**ACTIVITY:** Beginning with the line containing "据广州移动官方微博消息,5月" and ending with the line containing "Apple iPhone 15", write out each line of the records below exactly; pictures and lines outside that range are left out.

**INFORMATION GIVEN:**
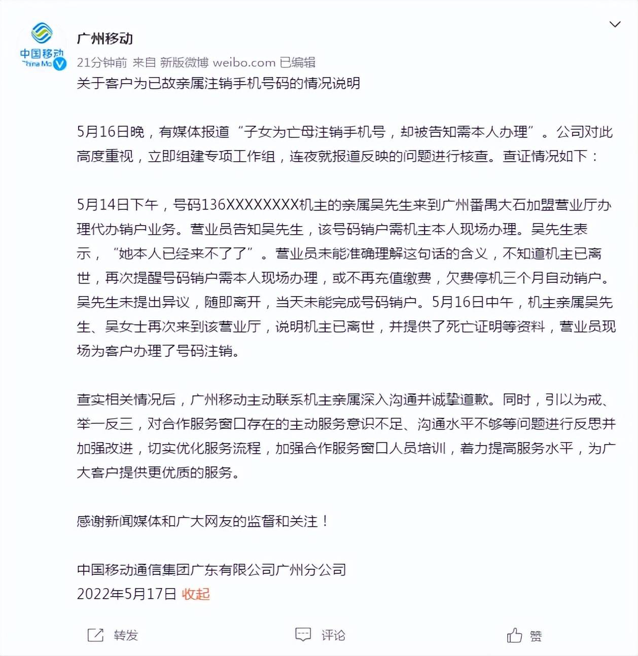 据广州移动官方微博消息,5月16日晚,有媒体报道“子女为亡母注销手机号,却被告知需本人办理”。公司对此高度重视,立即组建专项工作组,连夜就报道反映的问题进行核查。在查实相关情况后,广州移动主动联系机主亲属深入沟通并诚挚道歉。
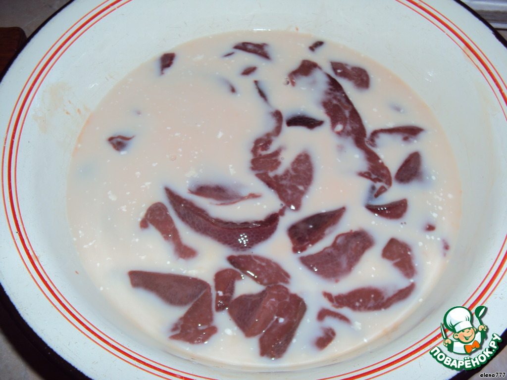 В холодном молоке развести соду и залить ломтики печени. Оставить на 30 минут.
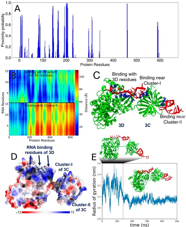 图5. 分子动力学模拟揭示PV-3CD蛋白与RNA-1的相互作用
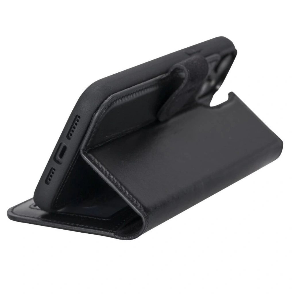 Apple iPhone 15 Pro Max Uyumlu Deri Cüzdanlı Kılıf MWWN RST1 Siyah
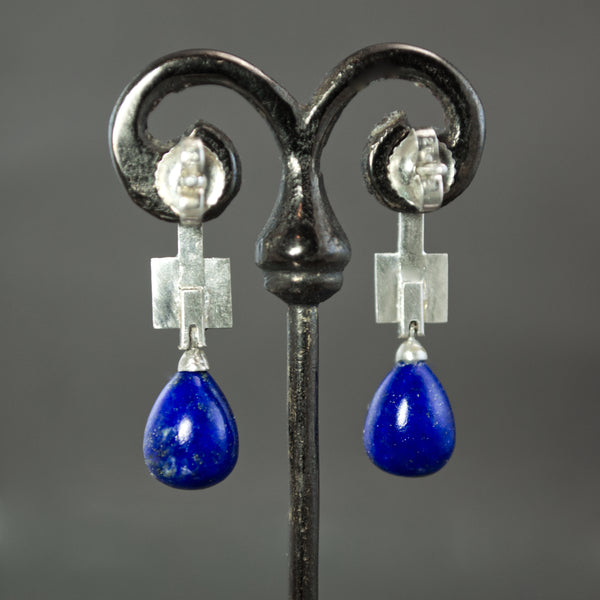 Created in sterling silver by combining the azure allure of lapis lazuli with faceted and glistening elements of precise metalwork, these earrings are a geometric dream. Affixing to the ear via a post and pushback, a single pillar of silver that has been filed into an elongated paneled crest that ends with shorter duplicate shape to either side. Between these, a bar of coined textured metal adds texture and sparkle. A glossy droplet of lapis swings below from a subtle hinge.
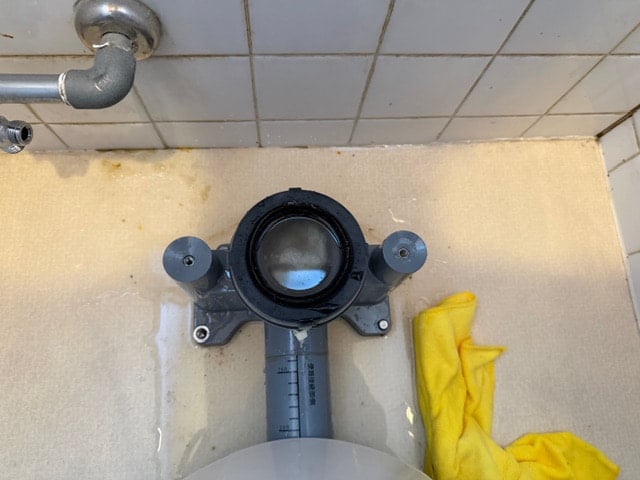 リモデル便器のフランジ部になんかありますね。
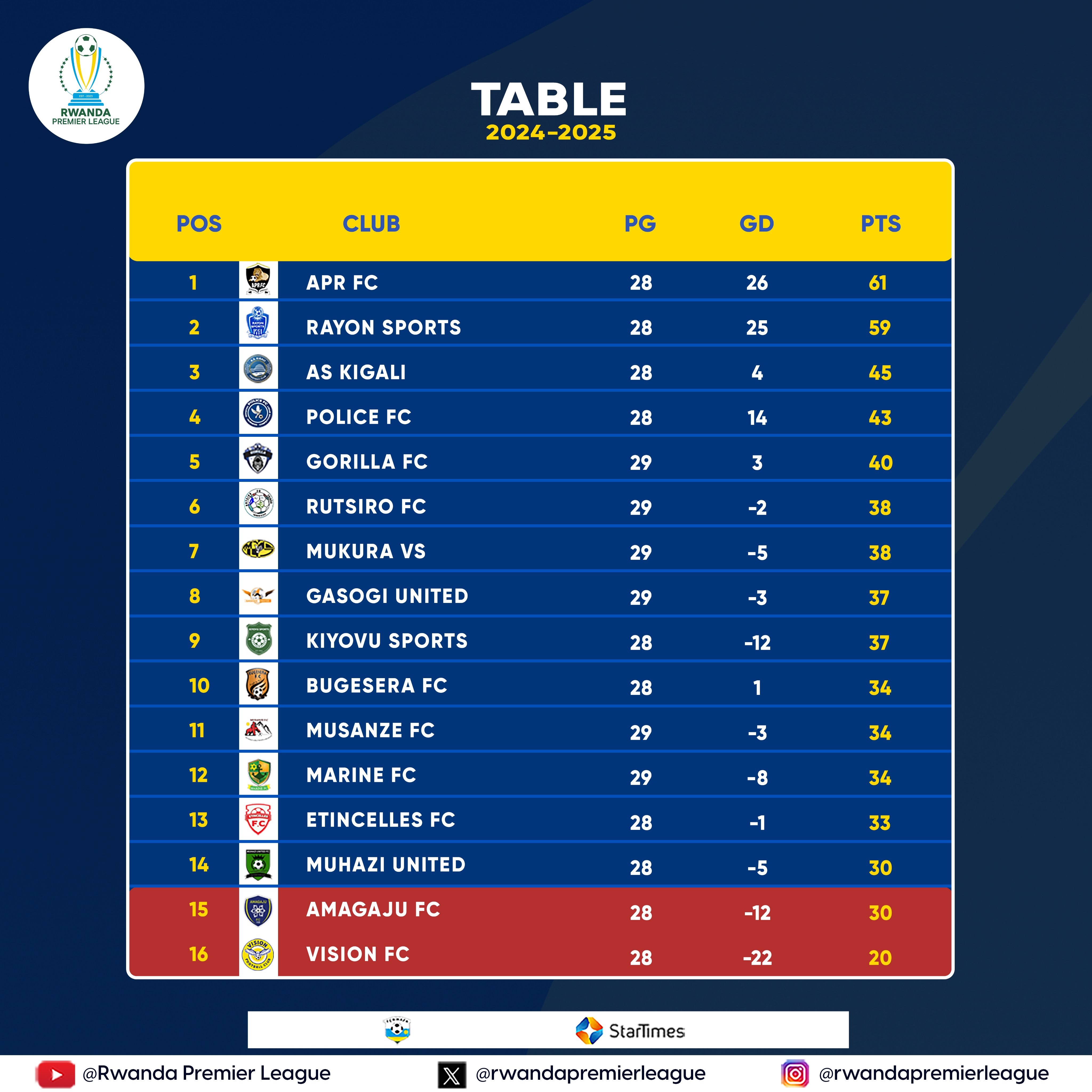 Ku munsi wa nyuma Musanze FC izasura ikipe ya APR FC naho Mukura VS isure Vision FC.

==

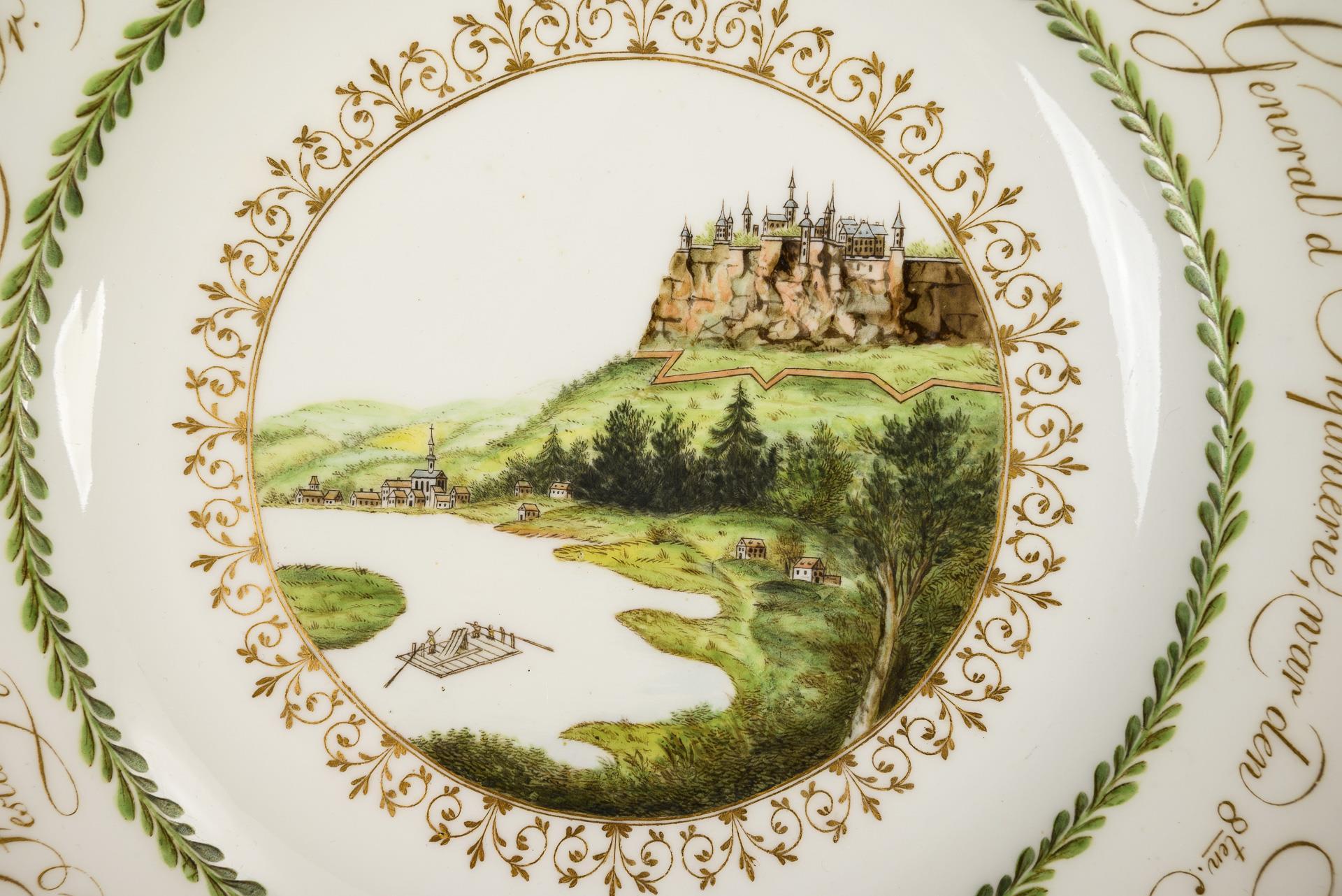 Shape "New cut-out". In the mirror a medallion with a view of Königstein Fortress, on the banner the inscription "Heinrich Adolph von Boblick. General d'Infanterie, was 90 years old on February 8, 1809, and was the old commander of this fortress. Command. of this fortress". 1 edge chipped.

* * *

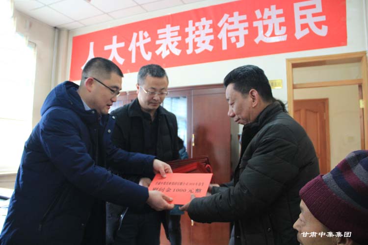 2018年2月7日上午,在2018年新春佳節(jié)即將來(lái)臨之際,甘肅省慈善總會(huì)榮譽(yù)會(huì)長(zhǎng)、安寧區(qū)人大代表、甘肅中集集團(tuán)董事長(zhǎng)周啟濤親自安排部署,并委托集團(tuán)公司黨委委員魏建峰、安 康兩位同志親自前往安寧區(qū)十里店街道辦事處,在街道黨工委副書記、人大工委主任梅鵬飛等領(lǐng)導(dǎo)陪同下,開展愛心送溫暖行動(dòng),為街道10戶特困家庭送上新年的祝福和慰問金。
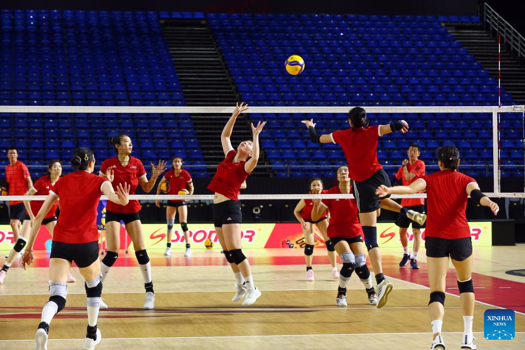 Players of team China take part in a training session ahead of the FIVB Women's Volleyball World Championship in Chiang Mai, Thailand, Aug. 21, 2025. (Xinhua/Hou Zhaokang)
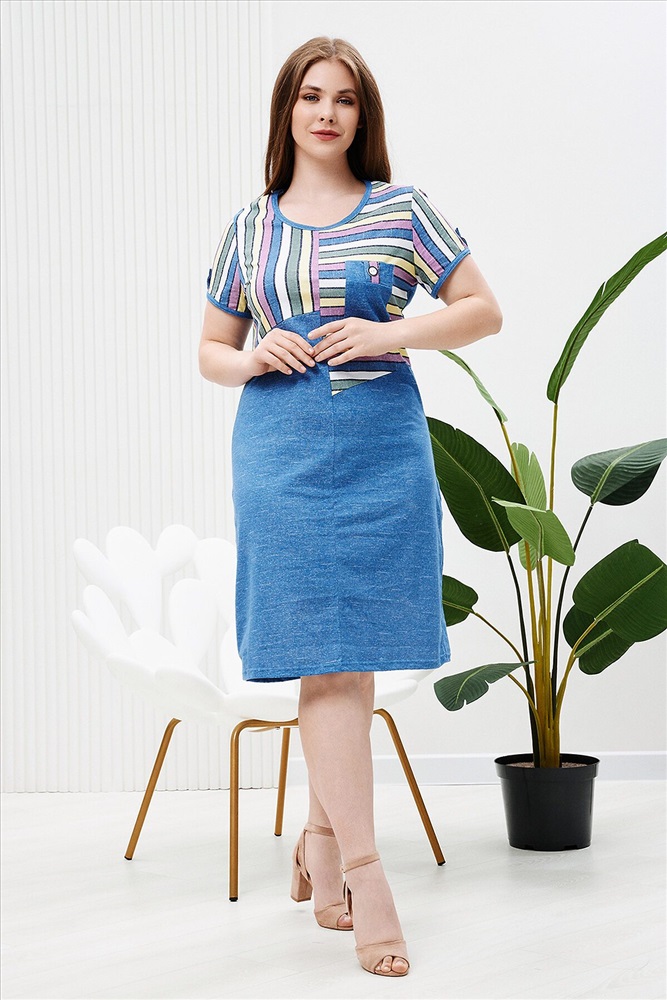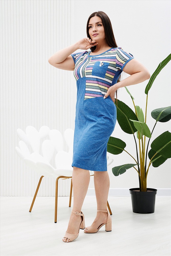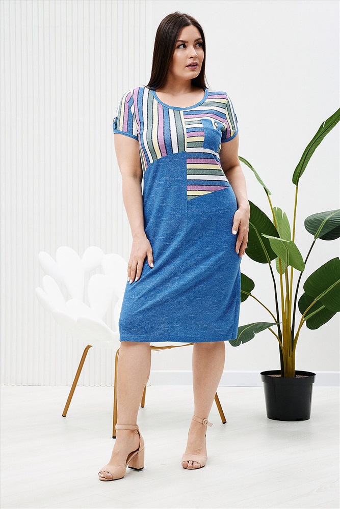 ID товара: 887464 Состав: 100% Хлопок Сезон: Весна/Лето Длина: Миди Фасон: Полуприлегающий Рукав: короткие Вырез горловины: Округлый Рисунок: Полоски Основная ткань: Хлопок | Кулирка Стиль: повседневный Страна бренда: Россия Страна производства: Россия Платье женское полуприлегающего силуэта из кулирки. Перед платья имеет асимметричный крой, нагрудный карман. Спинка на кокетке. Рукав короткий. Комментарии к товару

**ANSWER SPACE:**
 据广州移动官方微博消息,5月16日晚,有媒体报道“子女为亡母注销手机号,却被告知需本人办理”。公司对此高度重视,立即组建专项工作组,连夜就报道反映的问题进行核查。在查实相关情况后,广州移动主动联系机主亲属深入沟通并诚挚道歉。
 В холодном молоке развести соду и залить ломтики печени. Оставить на 30 минут.
 图5. 分子动力学模拟揭示PV-3CD蛋白与RNA-1的相互作用
 Apple iPhone 15 Pro Max Uyumlu Deri Cüzdanlı Kılıf MWWN RST1 Siyah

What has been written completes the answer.